General: Perennial grass from fibrous roots and rhizomes; stems 60-150 cm tall, smooth, with 3 to 8 nodes, often branching above.
Leaves: Sheath summits smooth to strongly hairy; leaf blades lax, usually flat, rough on both surfaces, often glaucous above, 5-30 cm long, mostly 3-8 mm wide; ligules mostly 3-8 mm long, with jagged margins.
Flowers: Inforescence an open, lax or sometimes narrow panicle 10-25 cm long, the longer branches 3-8 cm long, sparsely- to densely-flowered on the upper 1/2; spikelets 1-flowered; glumes usually purple-tinged, thin, translucent along the margins, sharp- to long-pointed, usually rough, often bristly on the keels; lemmas thin, 2.5-4.5 mm long, with delicate, straight awns attached just below the middle and extending to or just beyond the tips, the callus hairs copious, mostly of uniform length, about as long as the lemmas; paleas thin, 1/2 to almost as long as the lemmas; rachillas short, inconspicuous, sparsely bearded with long hairs.
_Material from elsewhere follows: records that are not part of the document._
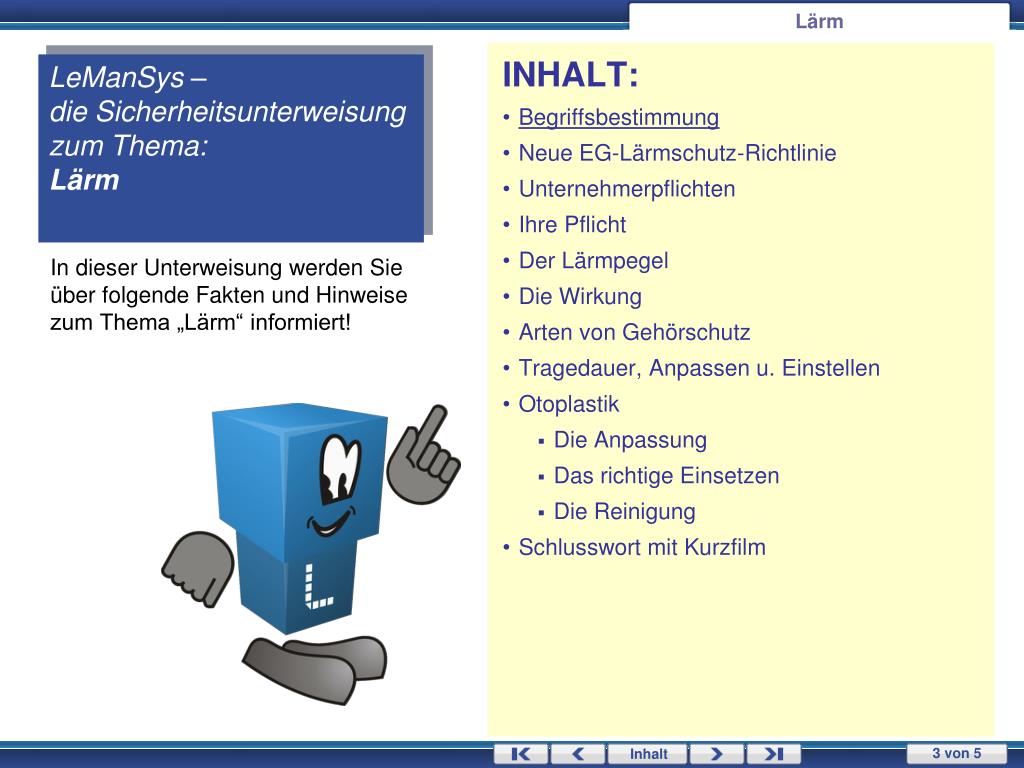 Vorwort Vorwort zur LeManSys-Sicherheitsunterweisung In der folgenden Präsentation erhalten Sie die notwendigen Informationen und Hinweise zum Thema „Lärm“. Arbeiten Sie diese Unterweisung* gewissenhaft durch, denn zum Abschluss erwartet Sie ein Test (Multiple Choice). * Hinweise: Ihr Arbeitgeber ist zu regelmäßigen Unterweisungen im Arbeitsschutz gesetzlich verpflichtet. (§ 12 ArbSchutzG) Die Bearbeitung mit bestandenem Test weist nach, dass Sie die Inhalte gelesen und verstanden haben. Dokumentiert wird, dass Sie die Unterweisung erfolgreich bearbeitet haben. Eine Leistungsbewertung findet nicht statt! Übrigens, mein Name steht für LernManager In diesem Sinne auf gute Zusammenarbeit Viel Spaß und guten Erfolg wünscht Ihnen Ihr LeMan
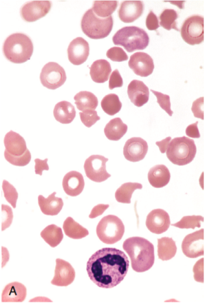 Schistocytes are defined as circulating red blood cell fragments. Detection of schistocytes is an important clue for the diagnosis of thrombotic microangiopathy (TMA), which includes both thrombotic thrombocytopenic purpura (TTP) and hemolytic-uremic syndrome (HUS). Other causes of schistocyte formation include structural abnormalities of heart and great vessels, malfunctioning prosthetic valve, HELLP syndrome, malignant hypertension, and metastatic carcinoma. A more recent indication for schistocyte counting is monitoring bone marrow transplant patients for the onset of TMA, which is a frequent and severe complication. Non-TMA causes of red blood cell fragmentation include red blood cell membrane defects, thalassemia, megaloblastic anemia, primary myelofibrosis, and thermal injury. The red blood cell fragments in these cases show high variability in shapes and marked aniso-poikilocytosis which are not specific for the diagnosis of TMA.
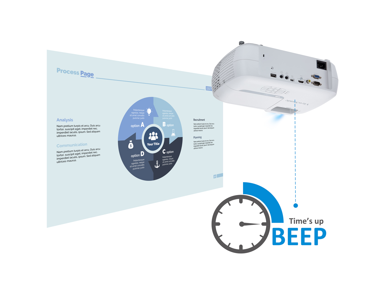 Presenter Timer is an embedded on-screen timer that helps users with time management during presentations. Once a specified time limit has been reached, the projector will signal this with a beep, keeping presentations running on time.

Notes: Two intergrading varieties are recognized in BC and delimitation of each is arbitrary. Variety langsdorfii also intergrades with C. lapponica. The two varieties may be separated as follows:
1. Glumes 3-4 mm long, inconspicuously rough and thin, the keels lacking bristlelike hairs, translucent on the margins; awns thin, not prominent.................... var. canadensis
1. Glumes 4-6 mm long, conspicuously rough, the keels with bristlelike hairs, usually not translucent on the margins; awns thick, more prominent.................. var. langsdorfii (Link) Inman
Moist to wet bogs, marshes, meadows, clearings and open forests in the lowland to lower alpine zones; var. canadensis - common throughout BC east of the Coast-Cascade Mountains, rare in coastal BC; var. langsdorfii - common in N BC east of the Coast-Cascade Mountains, less frequent southward; circumboreal, N to AK, YT, NT, E to NF and S to ME, MA, NY, NC, TN, MO, KS, NM, AZ and CA; Eurasia.
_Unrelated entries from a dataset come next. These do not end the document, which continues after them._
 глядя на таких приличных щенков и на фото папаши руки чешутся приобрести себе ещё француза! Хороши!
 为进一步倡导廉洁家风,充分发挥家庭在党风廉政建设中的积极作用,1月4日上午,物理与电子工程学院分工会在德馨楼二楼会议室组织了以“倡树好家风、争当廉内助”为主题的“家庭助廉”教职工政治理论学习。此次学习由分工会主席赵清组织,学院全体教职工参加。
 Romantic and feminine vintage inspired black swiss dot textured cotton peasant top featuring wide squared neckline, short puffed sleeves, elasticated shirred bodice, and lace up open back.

The table below shows the species-specific information calculated from original data (BEC database) provided by the BC Ministry of Forests and Range. (Updated August, 2013)
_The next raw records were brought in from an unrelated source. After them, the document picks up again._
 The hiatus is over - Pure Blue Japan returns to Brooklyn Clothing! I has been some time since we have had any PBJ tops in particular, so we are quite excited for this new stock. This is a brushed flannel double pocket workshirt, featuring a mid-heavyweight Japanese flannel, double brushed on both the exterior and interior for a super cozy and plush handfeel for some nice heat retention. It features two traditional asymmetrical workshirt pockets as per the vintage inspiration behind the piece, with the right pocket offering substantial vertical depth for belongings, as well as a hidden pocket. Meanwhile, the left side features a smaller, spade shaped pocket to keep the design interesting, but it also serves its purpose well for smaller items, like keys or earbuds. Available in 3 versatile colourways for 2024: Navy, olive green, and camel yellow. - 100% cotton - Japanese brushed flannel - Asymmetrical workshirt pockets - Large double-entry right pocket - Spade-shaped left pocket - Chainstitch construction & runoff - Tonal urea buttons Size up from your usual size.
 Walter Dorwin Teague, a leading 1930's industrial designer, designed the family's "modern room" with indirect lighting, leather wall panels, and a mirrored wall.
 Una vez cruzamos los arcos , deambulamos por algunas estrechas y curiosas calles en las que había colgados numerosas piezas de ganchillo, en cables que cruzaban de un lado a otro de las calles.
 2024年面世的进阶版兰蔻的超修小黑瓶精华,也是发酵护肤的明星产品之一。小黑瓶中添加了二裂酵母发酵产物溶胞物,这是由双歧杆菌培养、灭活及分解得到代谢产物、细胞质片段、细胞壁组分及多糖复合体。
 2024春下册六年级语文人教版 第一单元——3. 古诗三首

A shade-tolerant/intolerant, submontane to subalpine, circumpolar grass (transcontinental in North America). Occurs on very moist to wet, nitrogen-medium soils within boreal, wet temperate. and cool mesothermal climates. Common in semi-terrestrial communities on water-receiving and collecting sites (floodÂplains. fens, and marshes). Characteristic of wetlands.